そんな時になってあわてないために、経営者は準備すべきことが山ほどある。 社長室の深々とした椅子にゆったりと腰掛けている暇などないはずだ。
★ ★ ★ ★ ★ ★ ★ ★ ★ ★ ★ ★ ★ ★ ★
「分水嶺を迎える日本の製造業」(Jonathan Soble/Financial Times/JB Press 2月8日) _ ※追加1へ
「存在感強める台湾勢 "量から質" へ 」(後藤康浩/日経 net 2月8日) _ ※追加2へ

★ ★ ★ ★ ★ ★ ★ ★ ★ ★ ★ ★ ★ ★ ★
サービス業といっても、社員全員が販売員になる必要はない。 販売員そのものの比率は高まるだろうが、新製品そのものを生み出す研究開発部門、それを現実的な製品にしつらえる設計部門、製品を法的に守る特許法令部門、製造を新興国工場や OEM に橋渡しする製造引き継ぎ部門、販売後のアフターサービス修理部門、宣伝広告などの広報部門、企画を練ったり市場を分析する企画リサーチ部門、そして想定される危機を回避事前準備する危機管理部門など、やることは多い。

まだまだ日本の物作りは健在だなどと、過去の成功例にしがみついて発想を変えられない 頭の固い経営者のいる企業は悲惨です。 そりゃ 中には新興国では製造できない高度な分野も少しはあるでしょうが、極めて少ないはずです。

製造技術の確立した、製造装置さえ揃えれば世界のどこでも作れるような分野は、国内工場の撤退作戦を練ったほうが遥かに損失が少ないってもんです。

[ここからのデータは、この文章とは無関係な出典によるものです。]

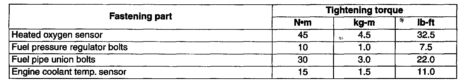 Tightening Torque Specification: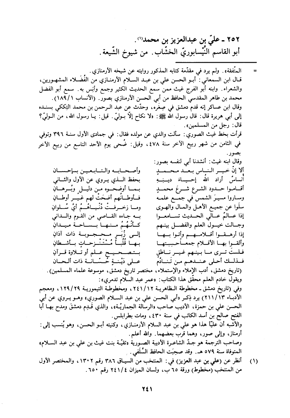 وفي (تاريخ دمشق- مخطوطة الظاهرية 12/ 241، ومخطوطة التيمورية 29/ 129، ومعجم الأدباء 13/ 211) يرد ذكر «أبي الحسن علي بن عبد السلام الصوري» وهو يروي عن أبي الحسن علي بن حمزة، الأديب صاحب «الرسالة الحماريّة» ، والّذي قدم دمشق ومدح بها أبا الفتح صالح بن أسد الكاتب في سنة 430، ومات بطرابلس.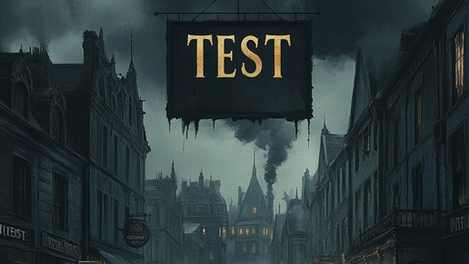 Создано на основе запроса: street of a dark Victorian town where the sun never shines and the sky is covered with black smoke. in a random place on the image is the inscription "TEST" --- Автоперевод: Улица темного викторианского города, где солнце никогда не сияет, а небо покрыто черным дымом...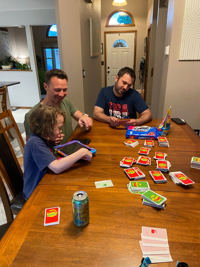 After dinner we play lots and lots of rounds of Apples to Apples. Jackson is definitely getting funnier this days and he did quite well. Amelia also sat at the table for a few minutes before she went to bed.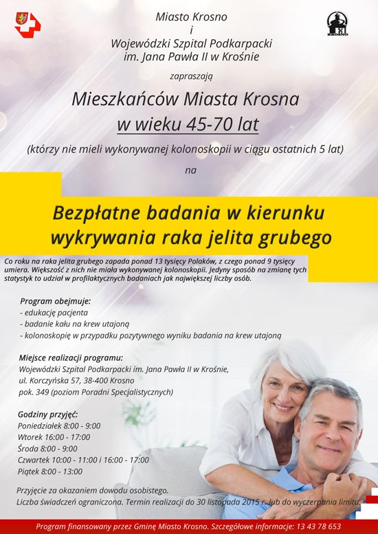 W Wojewódzkim Szpitalu Podkarpackim im. Jana Pawła II w Krośnie można skorzystać z bezpłatnych badań w kierunku wykrywania raka jelita grubego. Program skierowany jest do mieszkańców Krosna, w wieku 45-70 lat (po okazaniu dowodu osobistego), którzy nie mieli wykonywanej kolonoskopii w ciągu ostatnich 5 lat oraz nie leczą się na raka jelita grubego.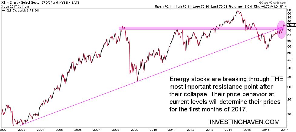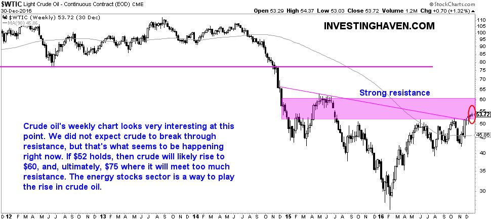 We said in our crude oil price forecast that there was a potentially bullish scenario in 2017. “Prices could certainly move higher, but will find secular resistance at $75 where the 2014 gap down started” was what we wrote a while back. Energy stocks got a strong boost early last year, and after Trump’s victory. But will crude oil continue its rise, and are energy stocks a good play to ride a rising oil trend?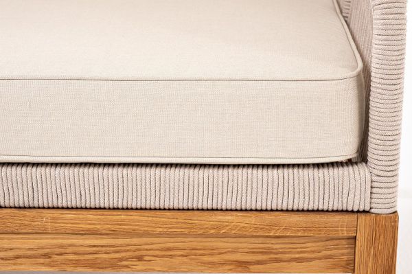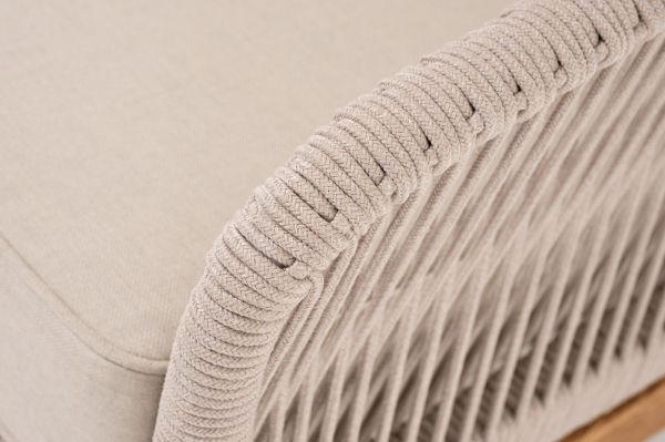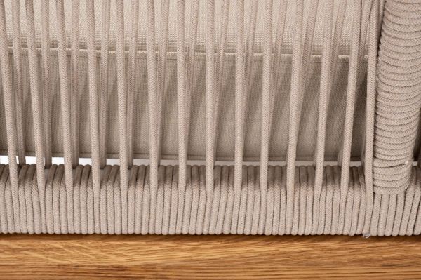 Боковины каркаса вручную оплетены роупом - эластичными синтетическими лентами, изготовленными из высокопрочных полиэфирных волокон. Цвет оплетки - бежевый. Основание дуб.

欧米は70~80年代に既に多くの分野で日本企業に惨敗しているので経験済みですが、日本は初めての経験なので、構造改革に苦しんでいるのかも__でも失われた20年は長いですよ。 この間 日本の多くの経営者は何をしていたのかと思いますね。
……………………………………………………
一例ですが、95年にインターネットが利用できるようになって、販売形態の一部が変わってきました。 いわゆるネット商店での無店舗通信販売です。 テレビ通販もありますが、ネット通販は CM 料もかかりません。 代表企業は楽天ですね。

また、様々なサービスの1つにネットでの受付処理があります。 これは混むこともなく、複雑な処理が行え、記録も残ります。 ネットバンキングも便利です。

銀行窓口の対応処理は時間が掛かり、今はあまり便利とはいえませんし、そこまで出向くのも大変です。 銀行側も人件費がかかる窓口対応要員を増やそうとせず、ATM 処理を増やそうと誘導しています。
……………………………………………………
PC 通信やスマートフォンは、インターネット抜きでは全く考えられません。 ネット無しでも PC 産業は大きく発展したでしょうが、今の隆盛ほどになはらなかったでしょう。

今の PC 利用の大半は、ネットに常時接続を前提としているので、通信回線から独立した PC 環境はあまり考えられません (金融機関の社内ネットワークは、社外からのハッカー攻撃に対処するため、外部の通信回線には接続していませんが)。

サーバーやデータセンターもこのネット通信を下支えしています。 いわばネット通信が新たな産業を生み出して、更に便利な社会となり、それが益々拡大して既存の産業を取り込んでいます__いわゆるスパイラル効果というものですね。
……………………………………………………
などと考えると、90年以降 バブルがはじけて、ネット通信の利用が拡大、中国の労働集約型製造業が世界の工場として拡大すると共に日本経済の停滞が同時進行していったのは、日本の多くの経営者たちがこのパラダイム・シフトを見逃して、経済の大きな転換点にあるのを見落としてしまったのかも__島ほどもある大きなクジラの背中に乗って悠々とそれまでの経営を続けてきた日本の多くの製造業は、クジラが "中国という更に大きな島" に乗り上げて身動きが取れなくなってジタバタしているのに、さっぱり気づかないようなものかも知れません。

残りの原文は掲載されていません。